The artist who created this concept will tell you that it’s some artsy-fartsy way to make a statement and get yourself some polyphasic sleep, which is the practice of sleeping multiple times in a 24-hour period, but really it’s just an excuse to be lazy whenever and wherever you want. So lazy that you don’t even lay down. In fact, it’s a new epidemic of laziness sweeping the globe. This guy basically walks around with his Vertical Bed in a suitcase, finds himself a nice spot, anchors his bed above subway vents and sleeps for about 40 minutes a pop.

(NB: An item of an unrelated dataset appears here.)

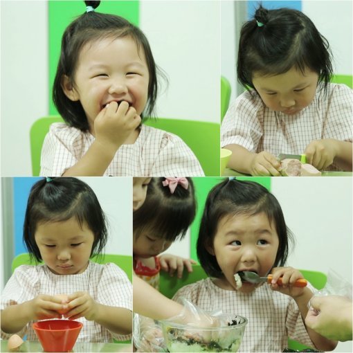 그런가 하면 지온은 김밥이 완성되기 전에 배가 고팠는지 김밥 속 재료를 먹기 시작해 깜짝 놀라게 했다. 지온은 김밥 재료인 쌀밥을 거침없이 먹은 것. 이에 지온은 소시지부터 당근, 김까지 모두 싹쓸이하며 꼬마 푸드 파이터에 등극했다는 후문이다.
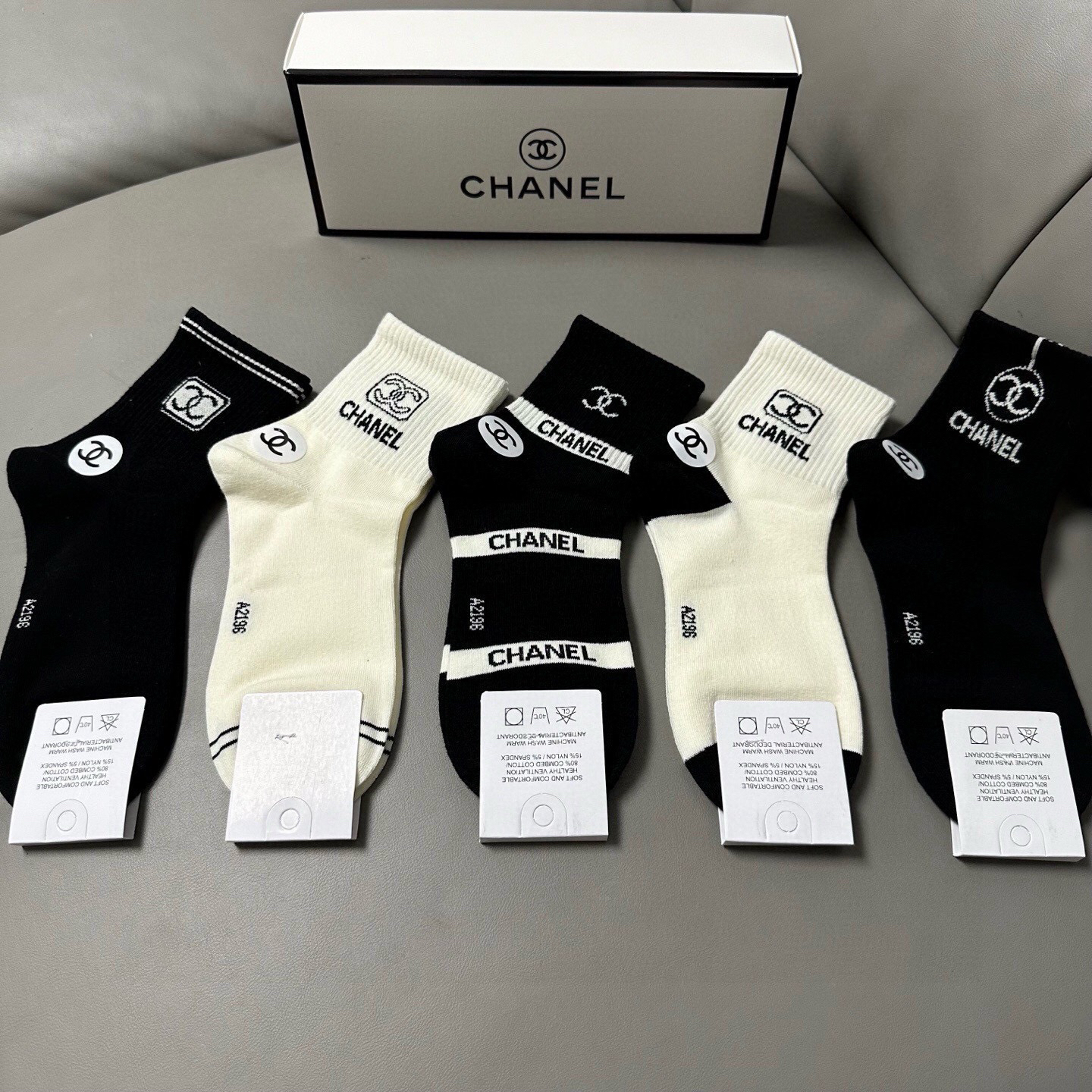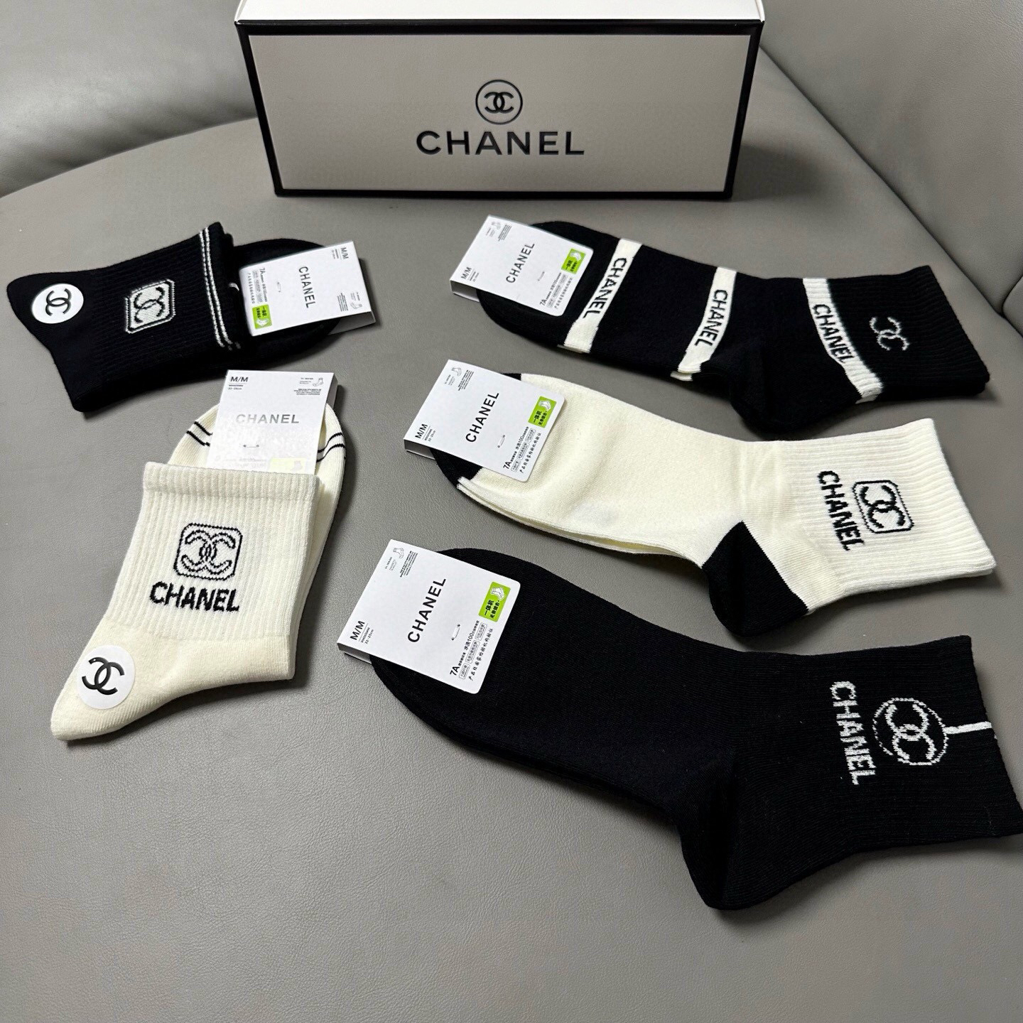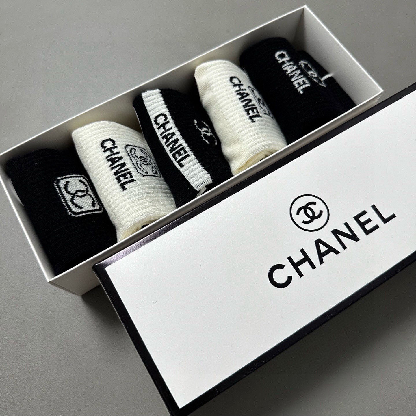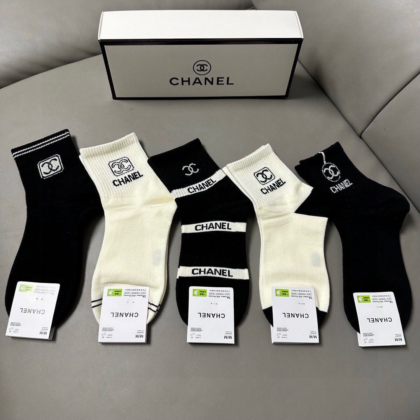 秋冬特惠💰130 香奈儿袜子 香奶奶家新品女款中筒袜子【一盒五双】纯棉材质,柔软舒适透气,提花经典标志,炒鸡nice,大牌出街,潮人必备 超好搭

Whole damn days must really pass him by. There’s a concealed harness that makes sure he doesn’t fall over and sleep horizontally. He’s also wearing noise canceling headphones and double-mirrored sunglasses, padded with little cushions that keep his eyelids closed. In case of bad weather, an umbrella clips in the infrastructure for shelter. I don’t know, sounds like he’s doing a lot to force his body into sleep. But that’s not the worst of it.
These people are so lazy, they refuse to dream. And when they wander into dreams accidentally, they refuse to interact and make it black and white. Counting sheep is strictly forbidden. If sheep show up for counting, they are mentally slaughtered before the sleeper goes under, he then blocks out the slaughter because he can’t deal with the fact there was probably a lazier way he could have done it. It’s sad. So sad. And so very lazy.